Digital Video Interactive
From Wikipedia, the free encyclopedia
Digital Video Interactive (DVI) was the first multimedia desktop video standard for IBM-compatible personal computers, developed around 1984 by Sarnoff Research Labs (a division of RCA at the time, later a division of General Electric after their purchase of RCA in 1986, and then sold by GE to Intel in 1988).
It allowed full-screen, full motion video, as well as stereo audio, still images, and graphics to be presented on a Windows/DOS-based desktop computer. DVI content was usually distributed on CD-ROM discs, which in turn was decoded and displayed via specialized hardware installed in the computer. Audio and video files for DVI were the first to use data compression, with audio content using ADPCM. DVI was the first technology of its kind for the desktop PC, and ushered in the multimedia revolution for PCs.

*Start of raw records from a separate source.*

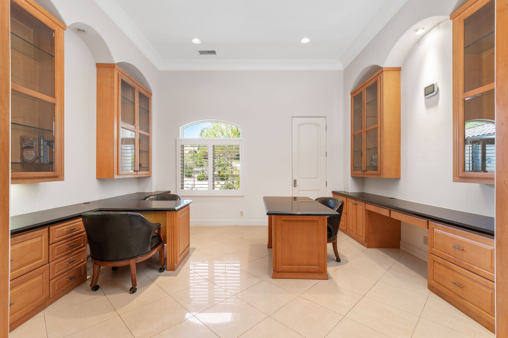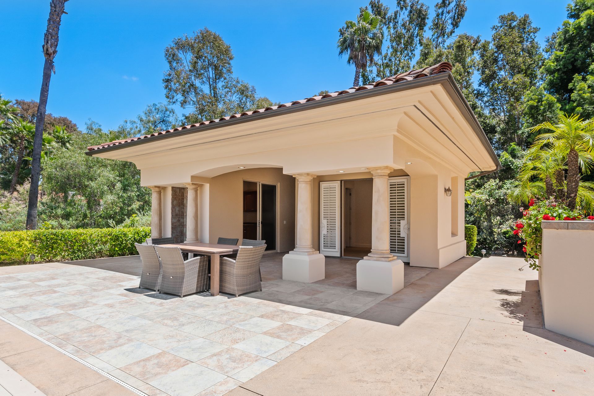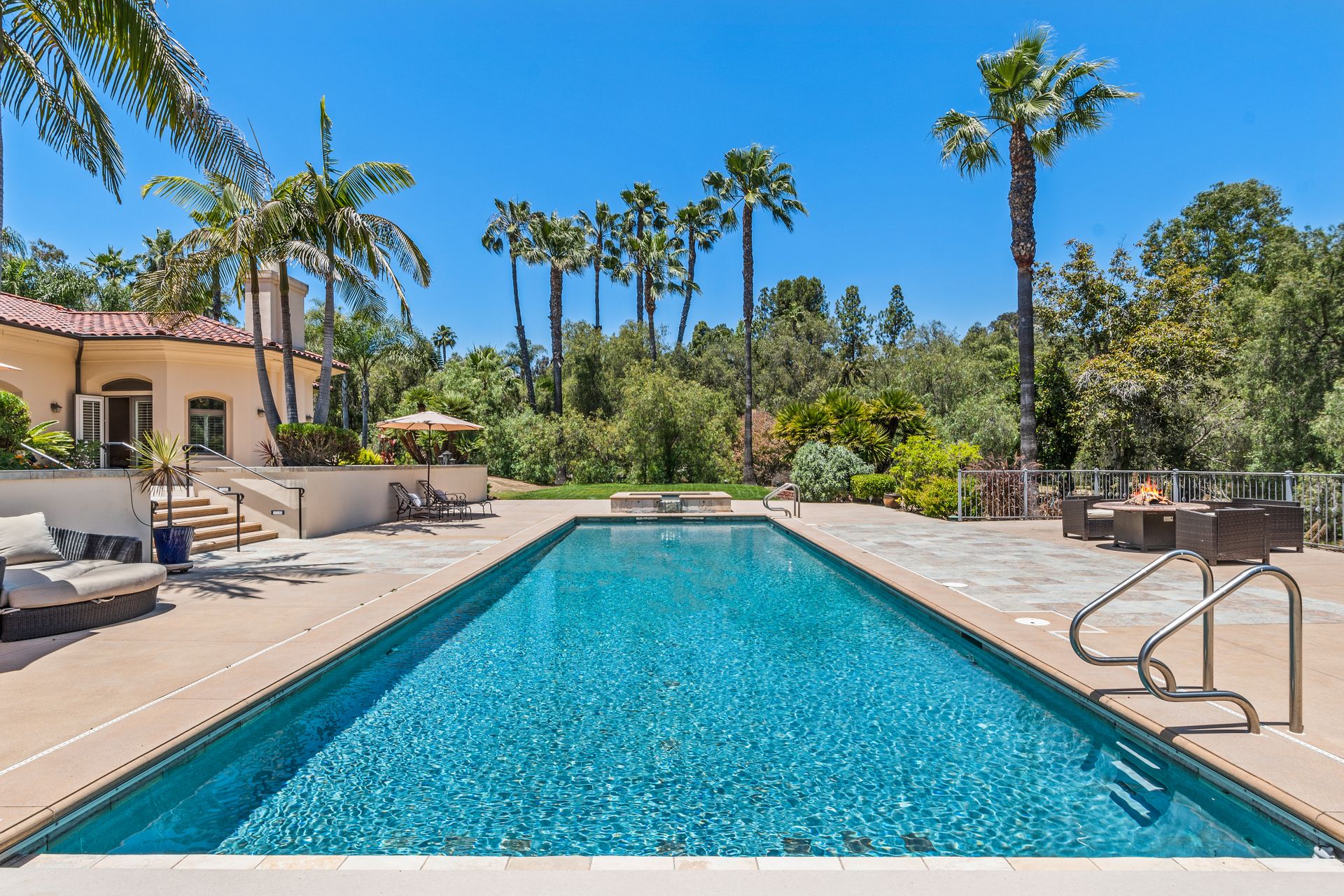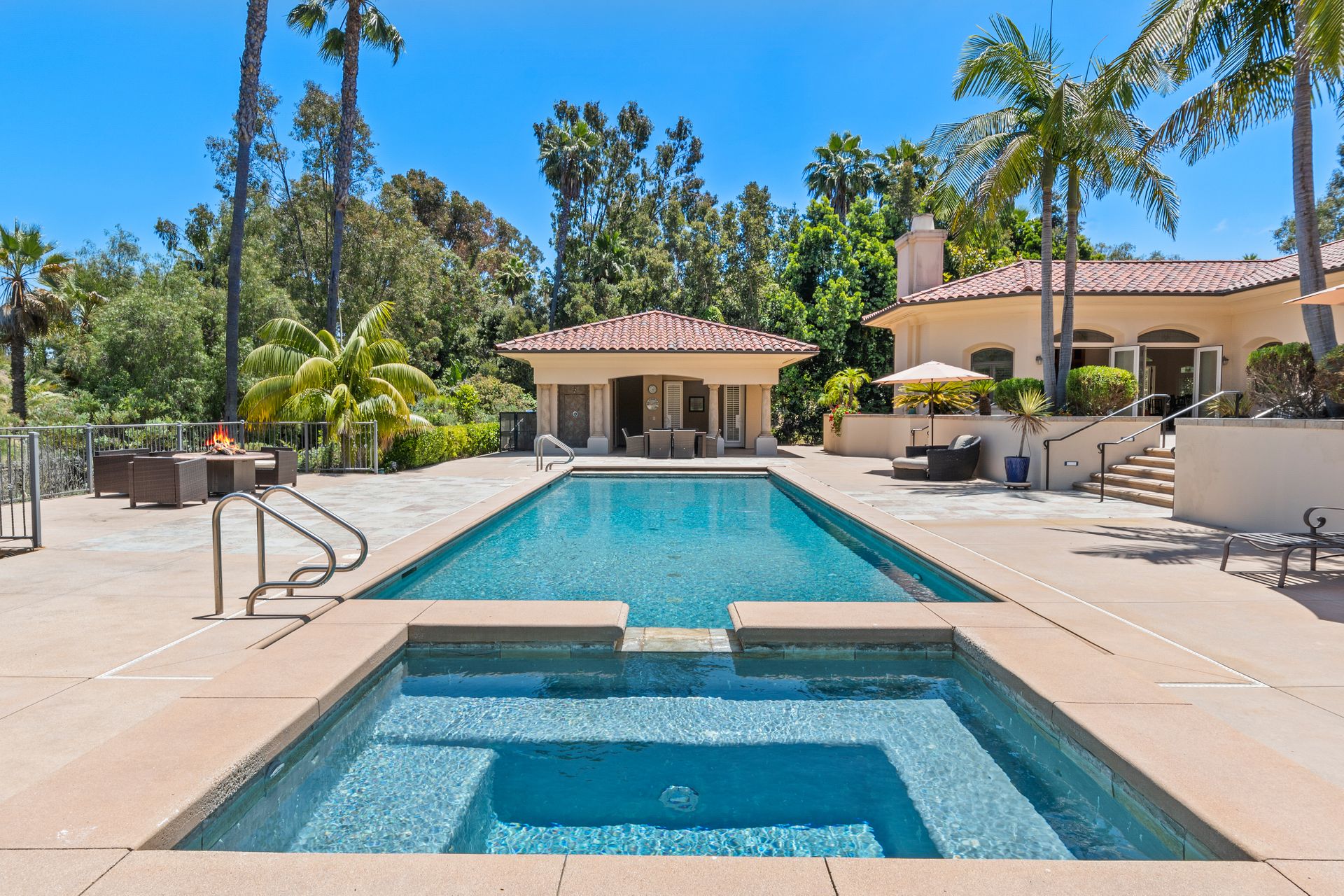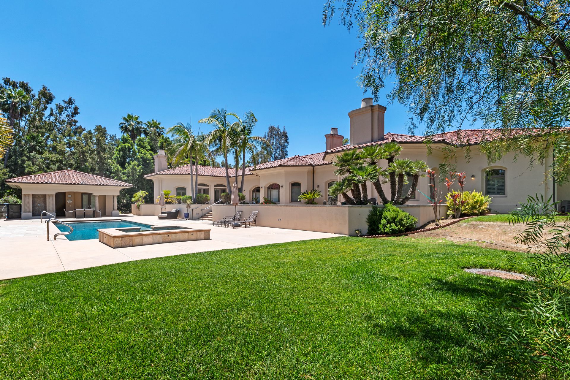 This home features beautiful high-end upgrades throughout. The spacious chef's kitchen opens to a large family/great room. There is a large primary suite with dual bathrooms and walk-in closets. All of the bedrooms have en-suite bathrooms. The large office has custom built-ins. There are three fireplaces. The resort-like pool area offers a spa, pool/guest house, built-in barbeque and grass yard. Appreciate the attached four-car garage, plus additional parking and/or RV parking that is available. A gated entry leads to the large fully fenced approximately 1.4 acre lot. This property can be sold furnished with artwork.
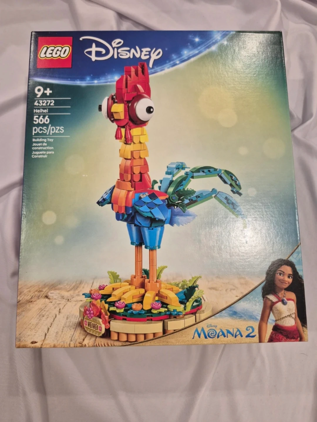 This LEGO Disney Moana 2 set features Heihei with 566 pieces. It's a building toy for ages 9+. Kids can recreate scenes from the movie with this fun set!
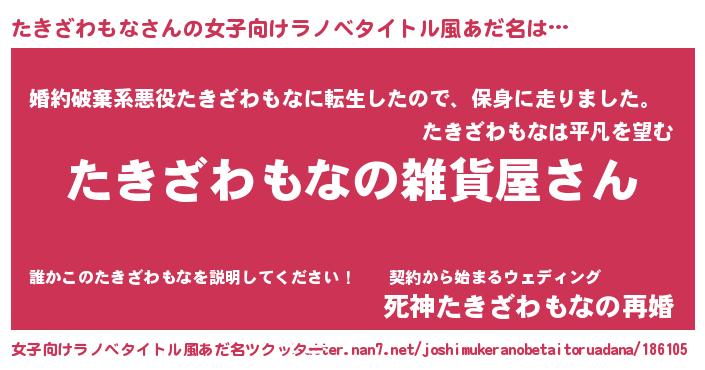 | 男性向けラノベタイトル風あだ名 | 『やはりたきざわもなの青春ラブコメはまちがっている 』 |
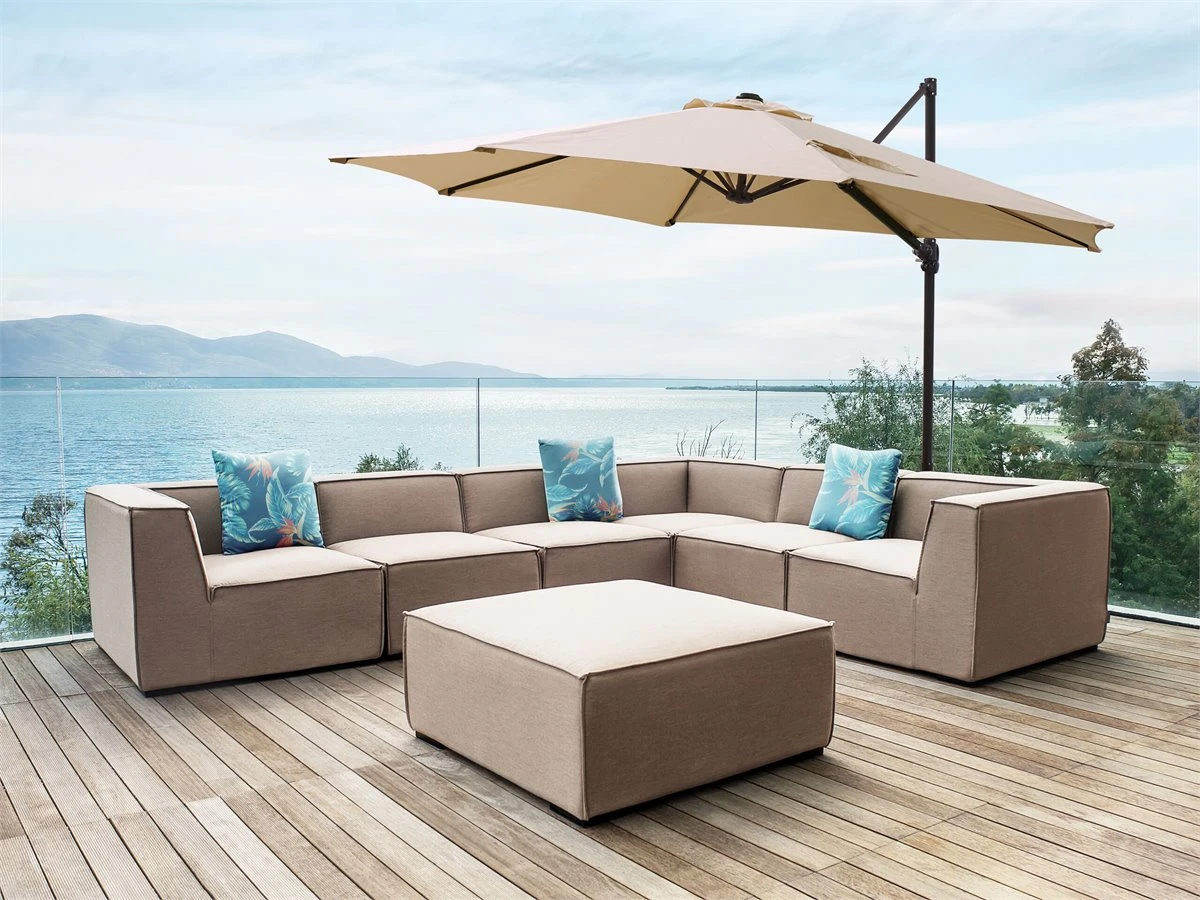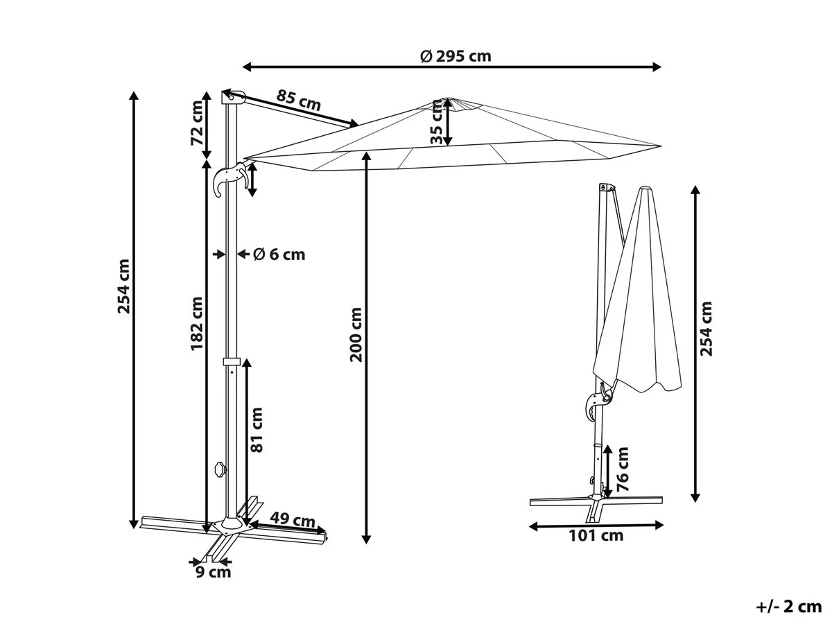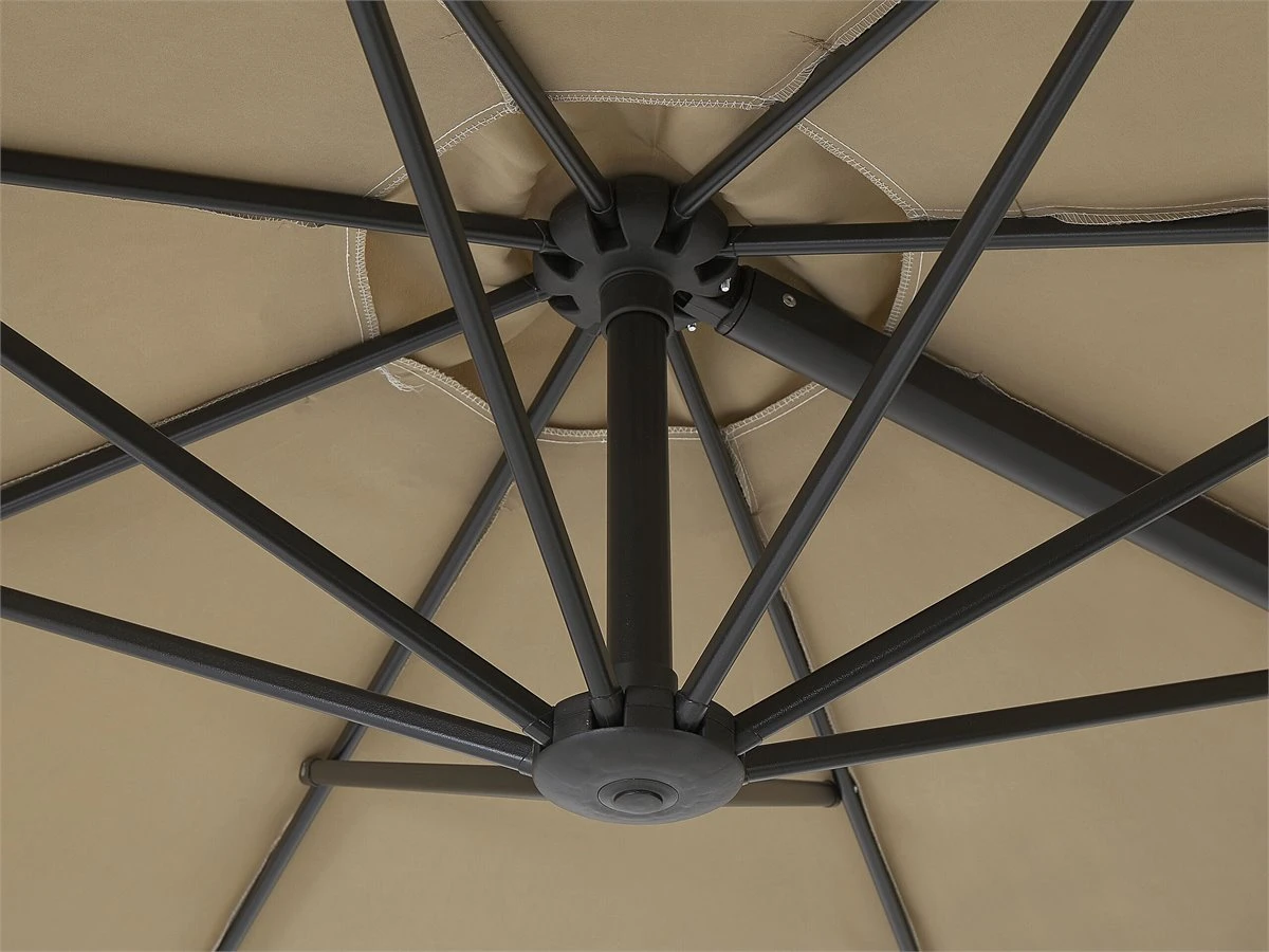 Sombrilla de jardín. Añade un toque de elegancia a tu zona exterior con esta sombrilla de jardín. Está fabricada a partir de poliéster resistente a las manchas y a condiciones climáticas adversas. La función giratoria 360º permite orientarla a la dirección deseada. El mecanismo de manivela facilita la apertura y el cierre. Detalles: Tipo de Producto: Sombrilla sin volantes Estilo: Moderno Color: Beige Tipo de material: Metal Material principal: Poliéster Material adicional: Aluminio Composición del Material: 100% Poliéster Forma: Octagonal Rotación 360: Sí Placas: No LED: No Número de láminas: 8 Láminas: 8 Inclinación: Sí Mecanismo de abertura de la sombrilla: Manivela Dimensiones: Profundidad: 295 cm Ancho: 295 cm Diámetro del poste: 40 Altura: 254 cm Peso: 9 kg La oferta incluye: 1 x Sombrilla, No incluye: base para la sombrilla Ventajas: Mecanismo de abertura por manivela, Pantalla giratoria e inclinable de 360°, Base en cruz para pesas en sombrillas, Colores elegantes y diseño original, Apariencia moderna y calidad durante muchos años, Resistencia UV Información de montaje: Requiere montaje completo. 5-15 min. Información adicional: Debe tenerse en cuenta que el peso ideal de la base para la sombrilla es de unos 50 kg. De esta forma, la sombrilla podrá soportar vientos de hasta 25 km/h. Una vez que la sombrilla esté completamente cerrada o abierta, no continúes girando la manivela en la misma dirección, ya que podrías dañar el mecanismo. Texto de resistencia: El producto está hecho con tela resistente a los rayos UV, lo que significa que se puede usar bajo la luz del sol sin preocuparse por la pérdida de color. En cualquier caso, es recomendable colocar los muebles debajo de una cubierta impermeable cuando no se utilicen, para asegurar su máxima durabilidad. Resistencia: Rayos UV Consejos de mantenimiento: Poliéster: 1.Limpiar con champú seco y una esponja húmeda o un limpiador suave 2.Cuando no esté en uso, manténgalo en un lugar limpio y seco para protegerlo de las condiciones atmosféricas 3.Aspire con un accesorio adecuado.

The first implementation of DVI developed in the mid-80s relied on three 16-bit ISA cards installed inside the computer, one for audio processing, another for video, and the last as an interface to a CD-ROM drive. The DVI video card used a custom chipset for decompression & display called the VDP (video display processor).
Later DVI implementations only used one card, such as Intel's ActionMedia series (omitting the CD-ROM interface). The ActionMedia (and the later ActionMedia II) were available in both ISA and MCA-bus cards, the latter for use in MCA-bus PCs like IBM's PS/2 series.
Intel now owns the DVI standard as of today.